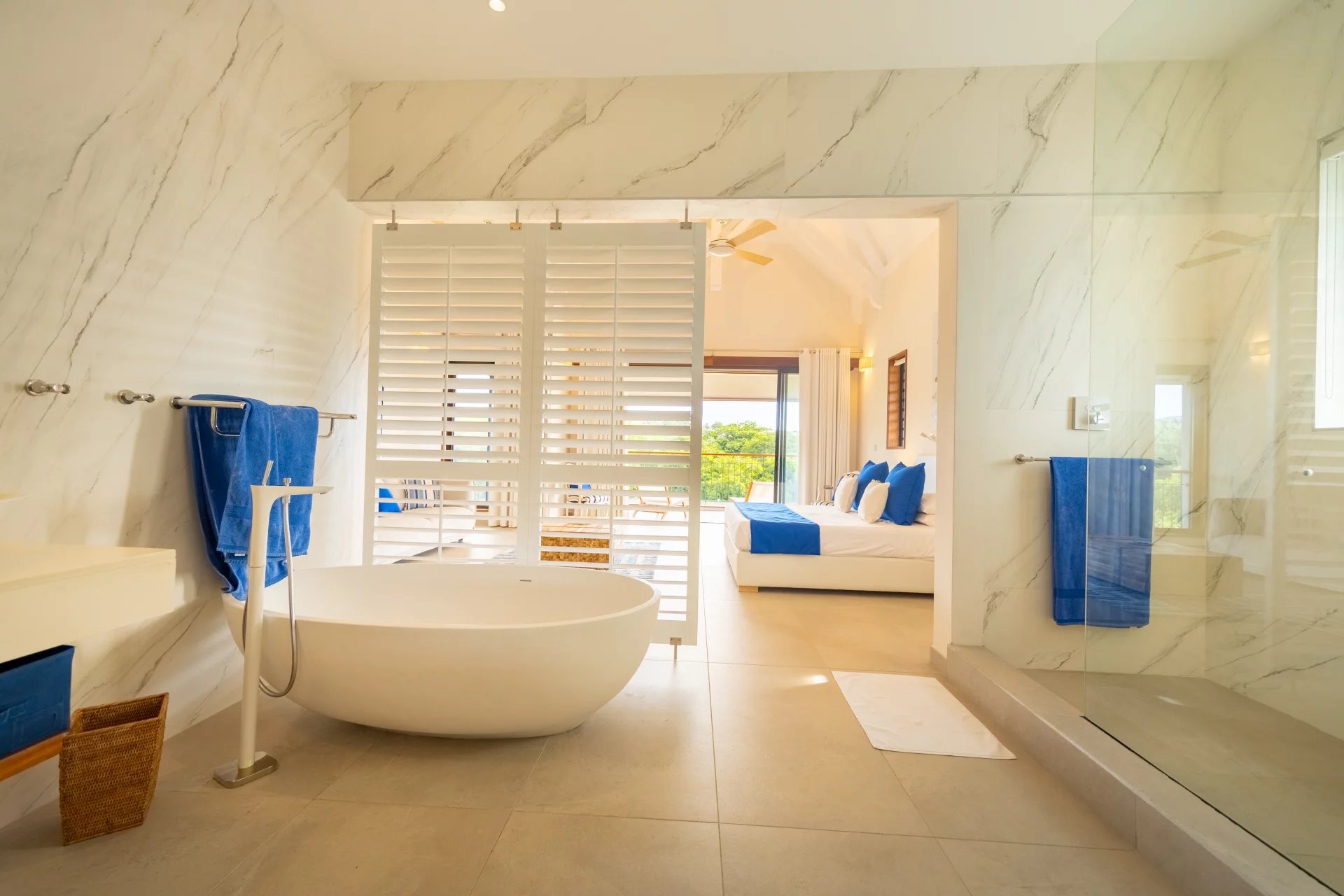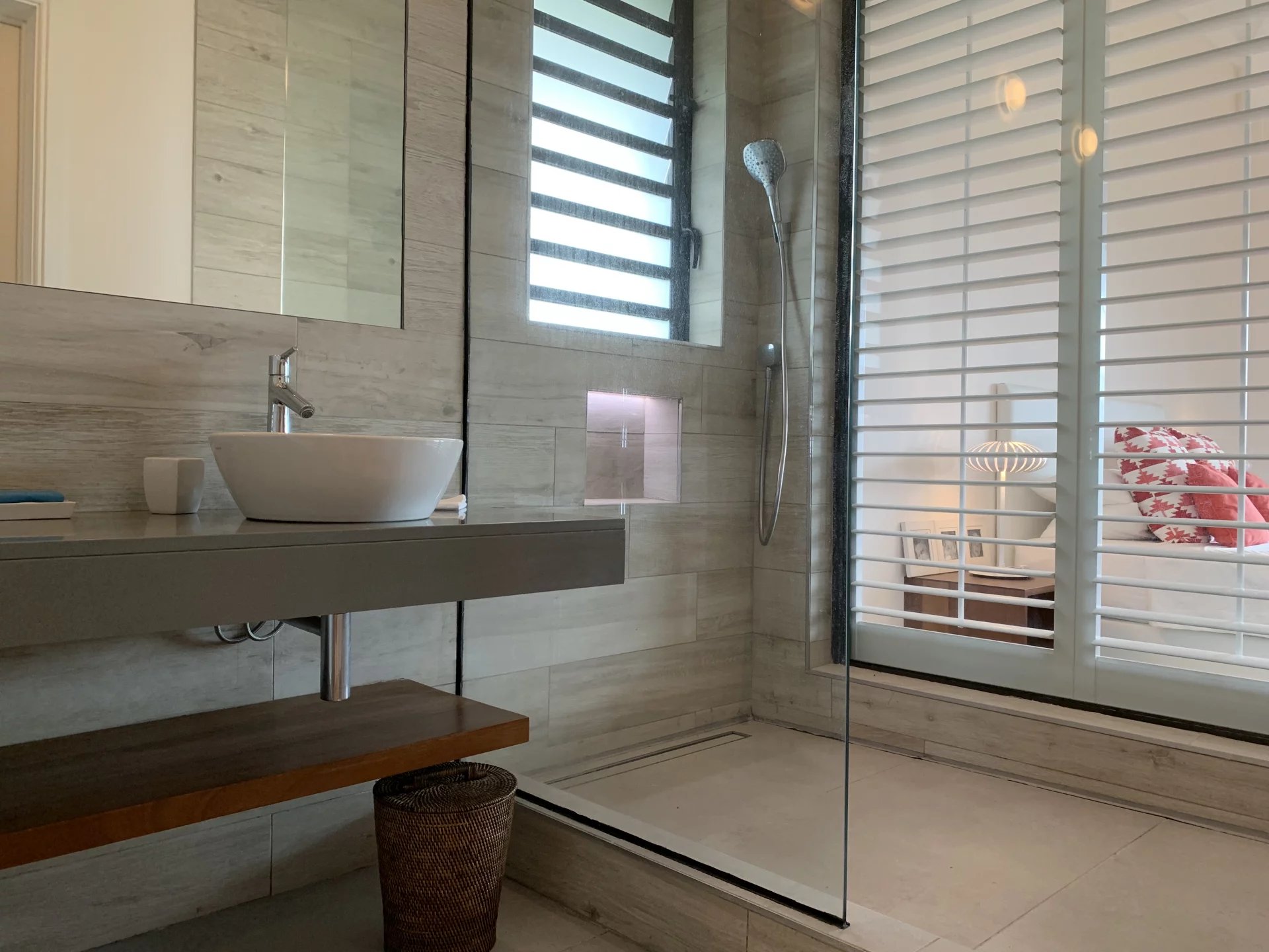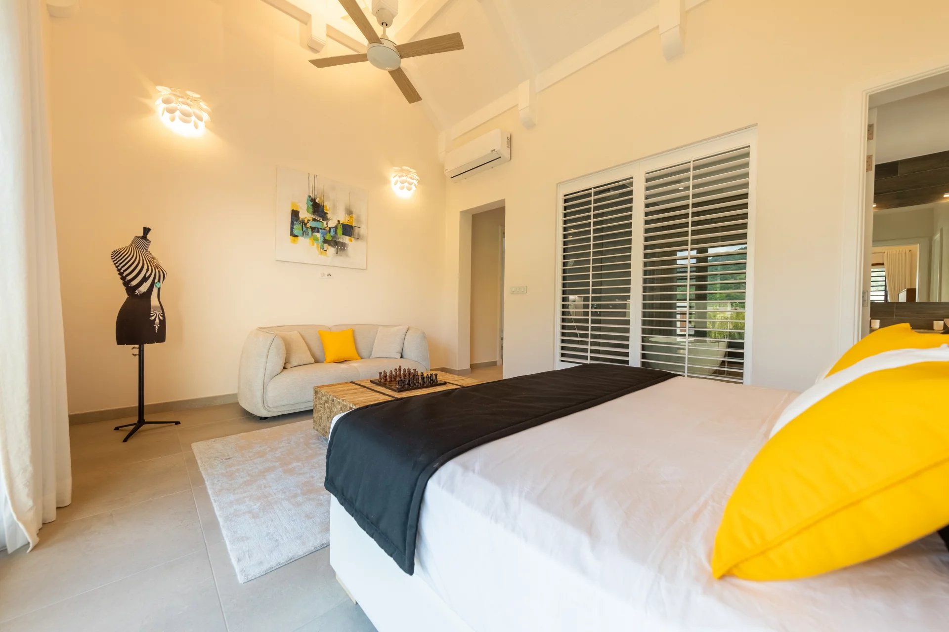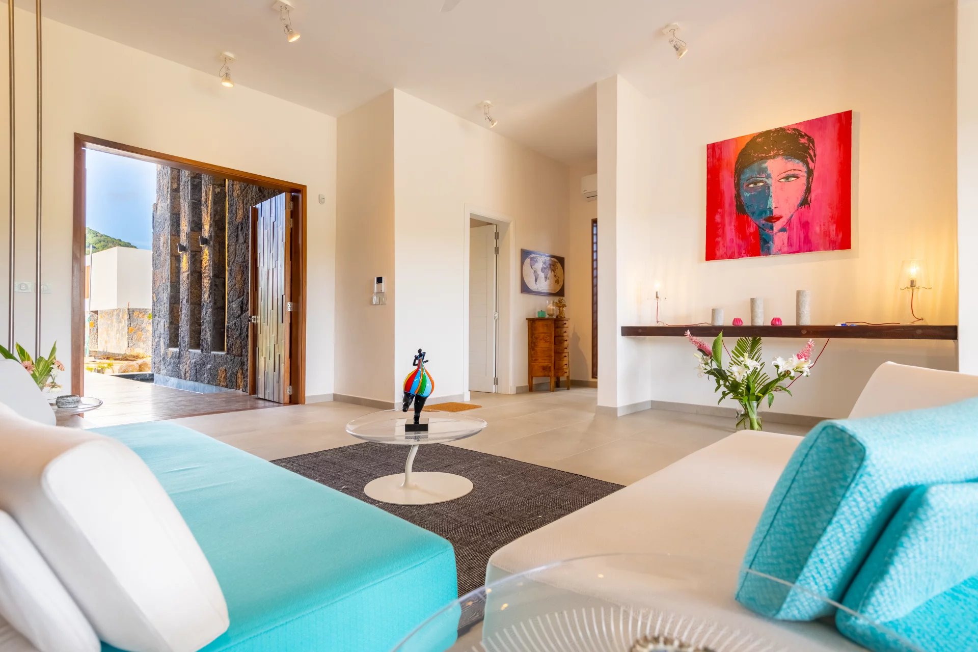 The first floor has 4 en-suite bedrooms with dressing rooms, including 2 master suites with bathtubs. Two of the bedrooms have a terrace overlooking the river. Also an office area. The spacious TV lounge gives access to a very intimate kiosk. It also offers a magnificent view of the swimming pool, the river and the garden. The choice of furniture and interior decoration brings just enough color and texture to this architecture without excess and clutter. The villa also has a closed garage for 2 cars with storage space. It is fully air-conditioned.
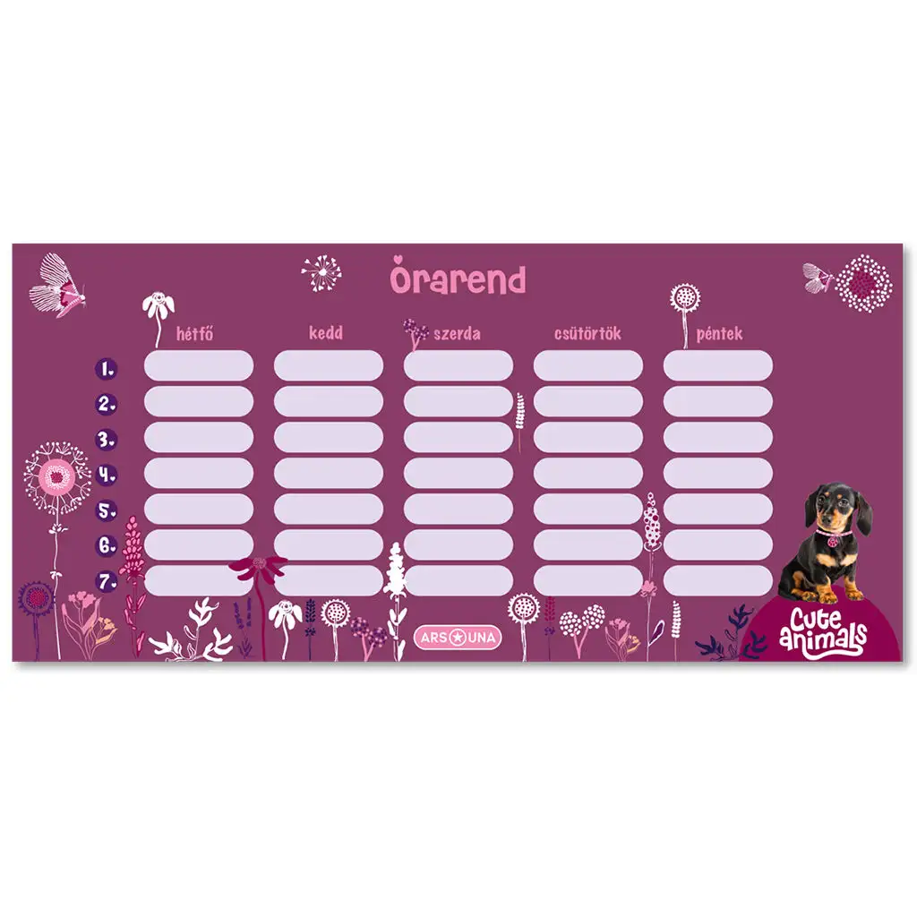 Poznejte rozvrh Ars Una Cute Animals - Puppy s jezevčíkem, který bude opravdu milým a stylovým doplňkem pro každou milovnici psů. Tento rozvrh s fialovým podkladem a vzorem jezevčíka a květin je nejen praktický, ale také roztomilý a veselý, což je atmosféra, kterou byste chtěli mít kolem sebe každý den.
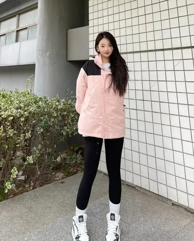我仔细观察了一下 , 发现这套搭配确实有点东西。 冲锋衣轻便 , 瑜伽裤显腿 , 两个加一起 , 保暖和时髦全占了。 难怪杭州女生人手一套~
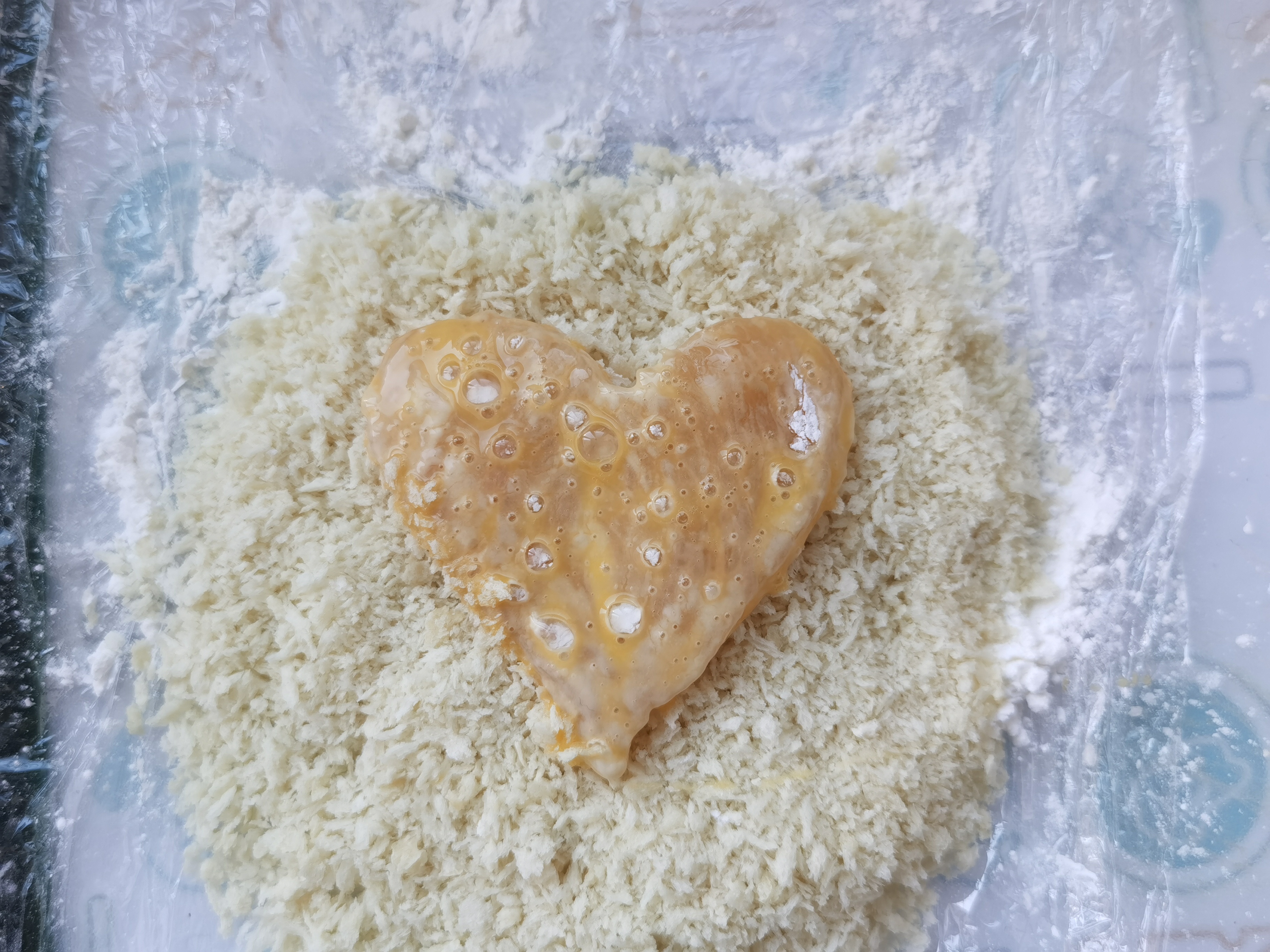 步骤4、4、裹上一层面包糠,蘸好后要按压一下

YOUR OBJECTIVE →
Recopy the full listing exactly, passing over any picture.

OUTPUT OF THE TASK →
 The first floor has 4 en-suite bedrooms with dressing rooms, including 2 master suites with bathtubs. Two of the bedrooms have a terrace overlooking the river. Also an office area. The spacious TV lounge gives access to a very intimate kiosk. It also offers a magnificent view of the swimming pool, the river and the garden. The choice of furniture and interior decoration brings just enough color and texture to this architecture without excess and clutter. The villa also has a closed garage for 2 cars with storage space. It is fully air-conditioned.
 Poznejte rozvrh Ars Una Cute Animals - Puppy s jezevčíkem, který bude opravdu milým a stylovým doplňkem pro každou milovnici psů. Tento rozvrh s fialovým podkladem a vzorem jezevčíka a květin je nejen praktický, ale také roztomilý a veselý, což je atmosféra, kterou byste chtěli mít kolem sebe každý den.
我仔细观察了一下 , 发现这套搭配确实有点东西。 冲锋衣轻便 , 瑜伽裤显腿 , 两个加一起 , 保暖和时髦全占了。 难怪杭州女生人手一套~
 步骤4、4、裹上一层面包糠,蘸好后要按压一下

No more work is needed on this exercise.